## STORED DATA
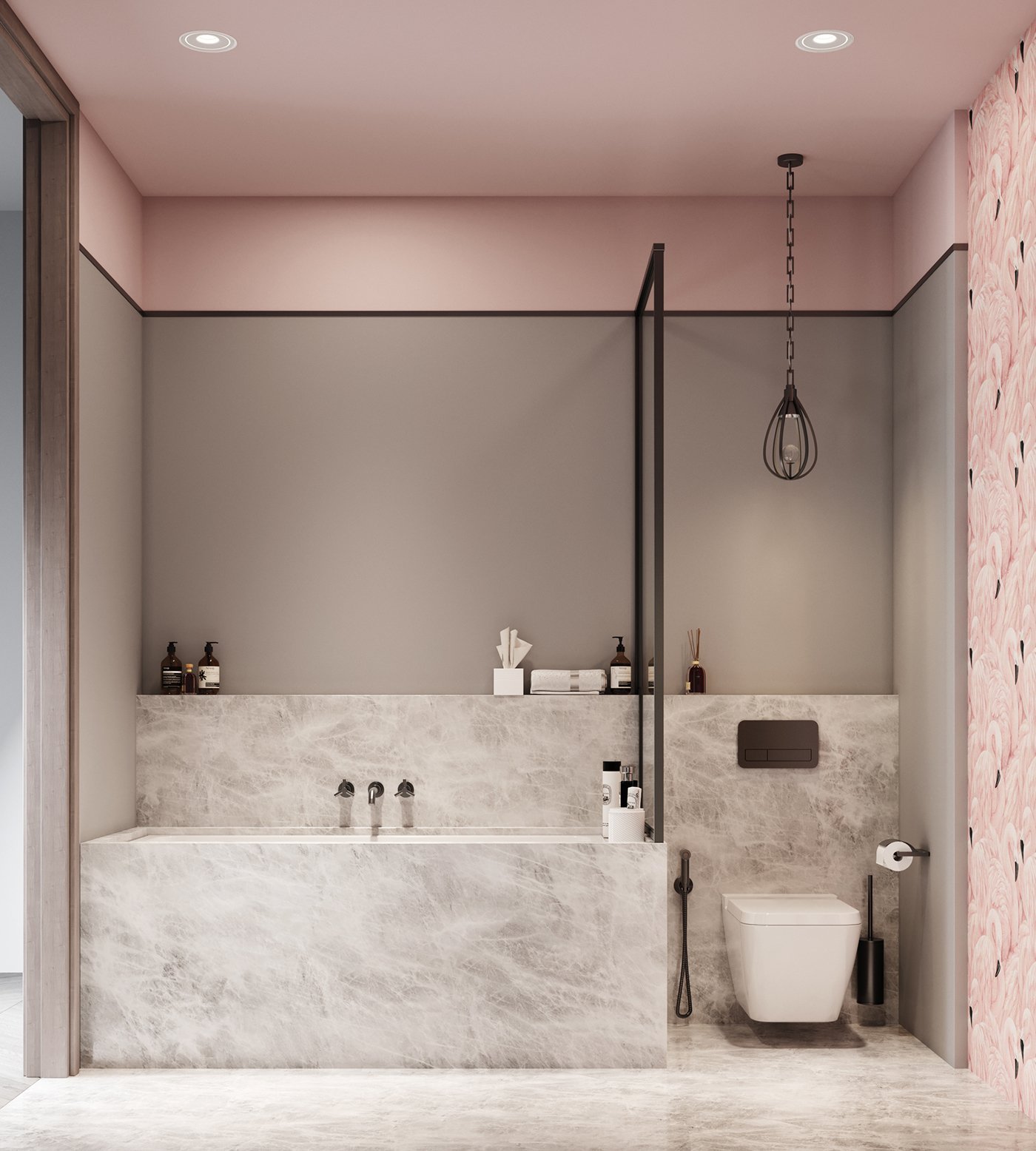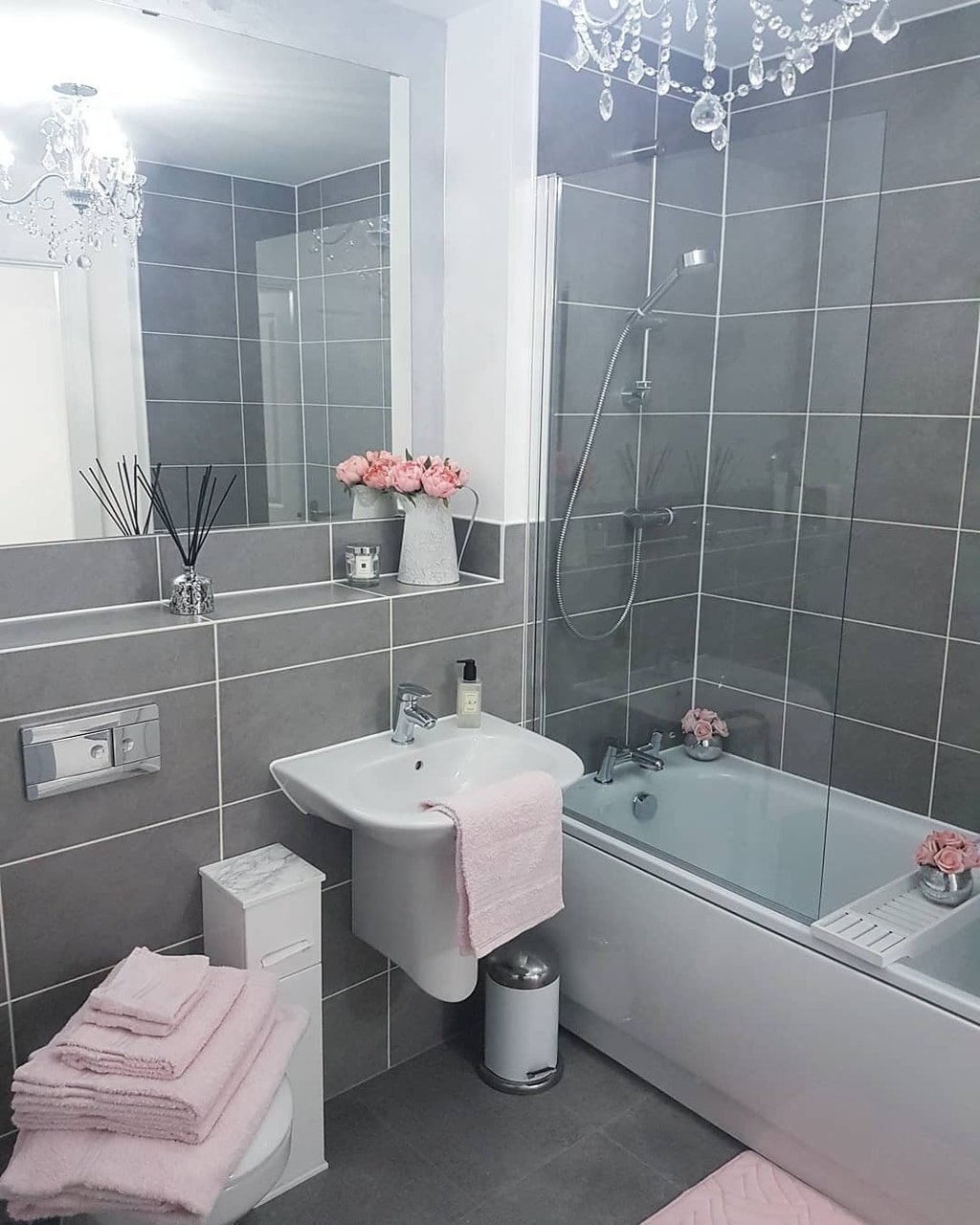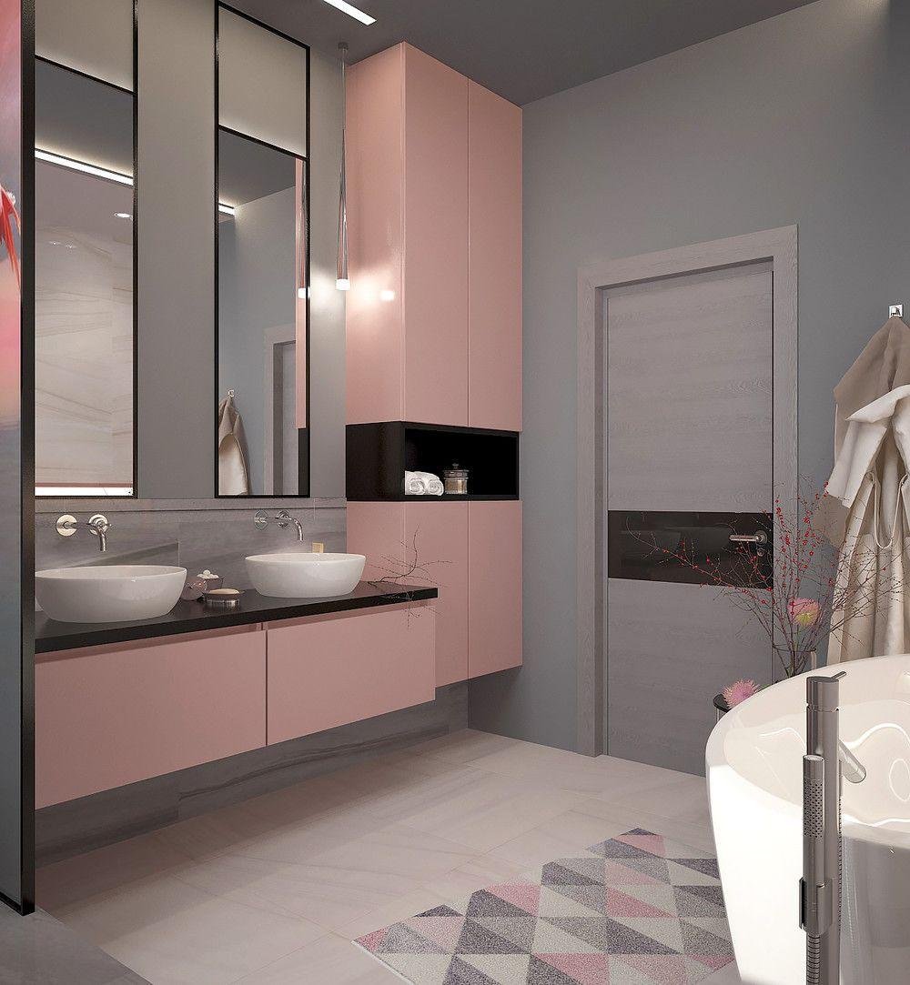 Ванная комната розовая с серым
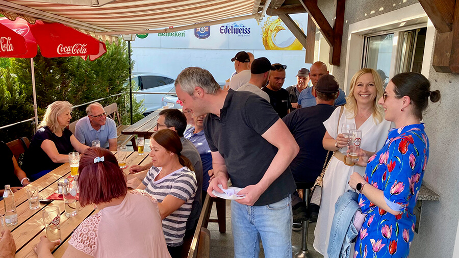 Der Imbissstand „Per Du“ bot die perfekte Gelegenheit, sich bei bestem Wetter in gemütlicher Atmosphäre auszutauschen und neue Kontakte zu knüpfen. Der Obmann und sein Vorstand waren von der großen Teilnehmerzahl und dem Interesse am Verein begeistert. Besonders erfreulich war, dass sich an diesem Abend drei neue Mitglieder für den Verein entschieden haben und sich alle sichtlich wohl gefühlt haben. Es war ein gelungener Abend voller positiver Energie und wertvoller Kontakte, der den Zusammenhalt und die Stärke des Wirtschaftsbundes unterstrich.
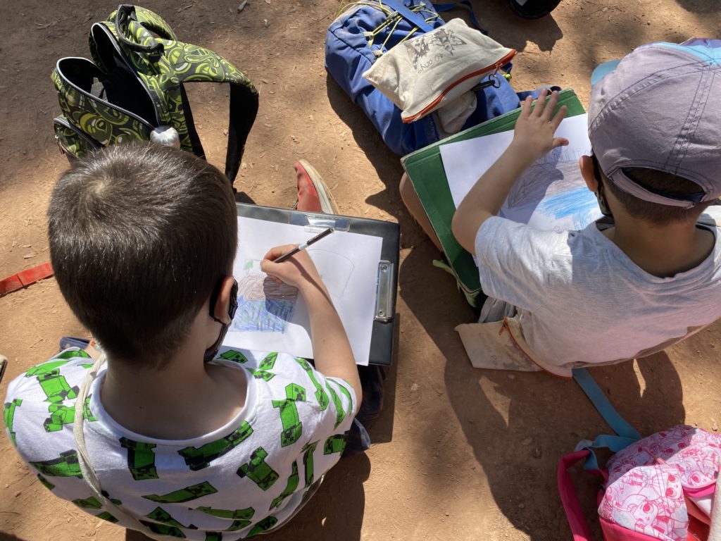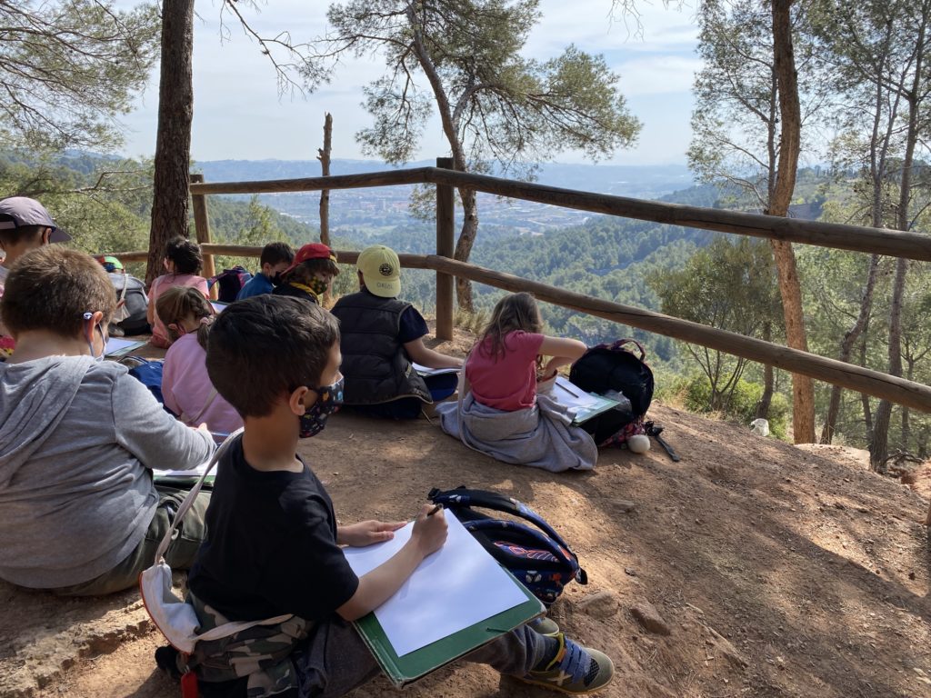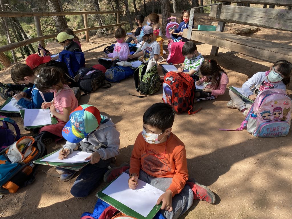 EL DIA DE LA SORTIDA A CAN ROCA, VAM APROFITAR PER ANAR AL MIRADOR A VEURE LES ROQUES BLAVES. A L’ESCOLA HAVÍEM DIBUIXAT COM ENS LES IMAGINÀVEM. ARA, FEM UN DIBUIX AL NATURAL.
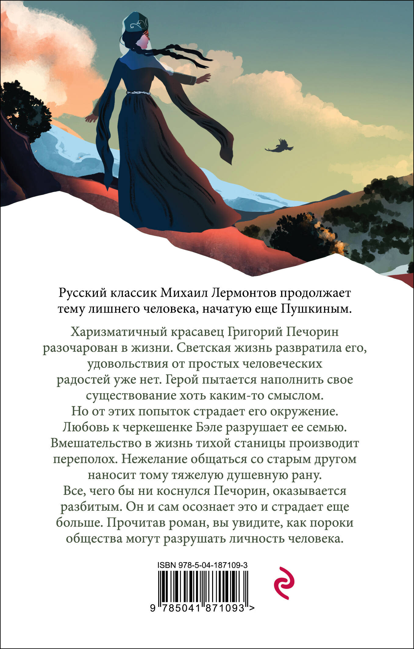Русский классик Михаил Лермонтов продолжает тему лишнего человека, начатую еще Пушкиным. Харизматичный красавец Григорий Печорин разочарован в жизни. Светская жизнь развратила его, удовольствия от простых человеческих радостей уже нет. Герой пытается наполнить свое существование хоть каким-то смыслом. Но от этих попыток страдает его окружение. Любовь к черкешенке Бэле - разрушает ее семью. Вмешательство в жизнь тихой станицы - производит переполох. Нежелание общаться со старым другом - наносит тому тяжелую душевную рану. Всё, чего бы ни коснулся Печорин, оказывается разбитым. Он и сам осознаёт это и страдает еще больше. Прочитав роман, вы увидите, как пороки общества могут разрушать личность человека.| Издательство | ООО "Издательство "Эксмо" |

## PROBLEM REQUIREMENTS
Copy each line of the material above exactly, but not the images.

## WRITTEN SOLUTION
 Ванная комната розовая с серым
 Der Imbissstand „Per Du“ bot die perfekte Gelegenheit, sich bei bestem Wetter in gemütlicher Atmosphäre auszutauschen und neue Kontakte zu knüpfen. Der Obmann und sein Vorstand waren von der großen Teilnehmerzahl und dem Interesse am Verein begeistert. Besonders erfreulich war, dass sich an diesem Abend drei neue Mitglieder für den Verein entschieden haben und sich alle sichtlich wohl gefühlt haben. Es war ein gelungener Abend voller positiver Energie und wertvoller Kontakte, der den Zusammenhalt und die Stärke des Wirtschaftsbundes unterstrich.
 EL DIA DE LA SORTIDA A CAN ROCA, VAM APROFITAR PER ANAR AL MIRADOR A VEURE LES ROQUES BLAVES. A L’ESCOLA HAVÍEM DIBUIXAT COM ENS LES IMAGINÀVEM. ARA, FEM UN DIBUIX AL NATURAL.
Русский классик Михаил Лермонтов продолжает тему лишнего человека, начатую еще Пушкиным. Харизматичный красавец Григорий Печорин разочарован в жизни. Светская жизнь развратила его, удовольствия от простых человеческих радостей уже нет. Герой пытается наполнить свое существование хоть каким-то смыслом. Но от этих попыток страдает его окружение. Любовь к черкешенке Бэле - разрушает ее семью. Вмешательство в жизнь тихой станицы - производит переполох. Нежелание общаться со старым другом - наносит тому тяжелую душевную рану. Всё, чего бы ни коснулся Печорин, оказывается разбитым. Он и сам осознаёт это и страдает еще больше. Прочитав роман, вы увидите, как пороки общества могут разрушать личность человека.| Издательство | ООО "Издательство "Эксмо" |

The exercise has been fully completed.